Кэссин осторожно вывел Кенета в коридор. Хорошо еще, что кэйри отпустил стражу. Кэссин не смог бы показаться стражникам на глаза рядом с избитым Кенетом.

– Больно? – задал он совершенно идиотский вопрос.

– Да не очень, – к его изумлению, ответил Кенет почти ровным голосом. – Скорее противно. Как помоями облили…

– Не больно? – не поверил своим ушам Кэссин.

– Не очень. – Кенет провел руками по лицу, утирая кровь. Когда он отнял ладони от лица, на месте зияющей раны багровел свежий шрам.

– Я ведь живучий, – объяснил он потрясенному Кэссину. – И на мне все очень быстро заживает. Я же как-никак целитель…

Да, это верно. Кэссин вспомнил, как невероятно быстро срослись его сломанные руки – слишком быстро даже для мага.

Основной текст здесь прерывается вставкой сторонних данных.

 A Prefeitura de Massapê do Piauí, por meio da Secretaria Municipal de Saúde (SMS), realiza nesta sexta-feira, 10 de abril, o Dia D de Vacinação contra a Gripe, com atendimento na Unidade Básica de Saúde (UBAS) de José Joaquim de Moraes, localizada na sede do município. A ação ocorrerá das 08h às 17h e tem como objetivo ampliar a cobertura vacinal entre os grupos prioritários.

– Но ведь боль – это совсем другое, – запротестовал ошеломленный Кэссин.

– Другое. Так ведь я еще и воин, – согласился Кенет, входя в свою камеру, и без сил повалился на пол.

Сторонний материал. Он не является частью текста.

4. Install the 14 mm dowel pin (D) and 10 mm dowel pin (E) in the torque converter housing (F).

У Кэссина окончательно голова пошла кругом.

– Воин? Ты? В этой одежде?

– Полевой агент с полным посвящением. Мне хайю носить не обязательно. А вот уметь терпеть боль и избавляться от нее – обязательно.

Он слегка усмехнулся какому-то воспоминанию.

– Вот только понял я это не сразу. Мой учитель меня этому с самого начала учил… а я, признаться, понебрежничал. Мне тогда казалось, что уметь драться гораздо важнее. А потом я сломал ключицу. Больно было – ну не то слово. С тех пор я хоть немного ума набрался… не то бы мне сегодня несдобровать.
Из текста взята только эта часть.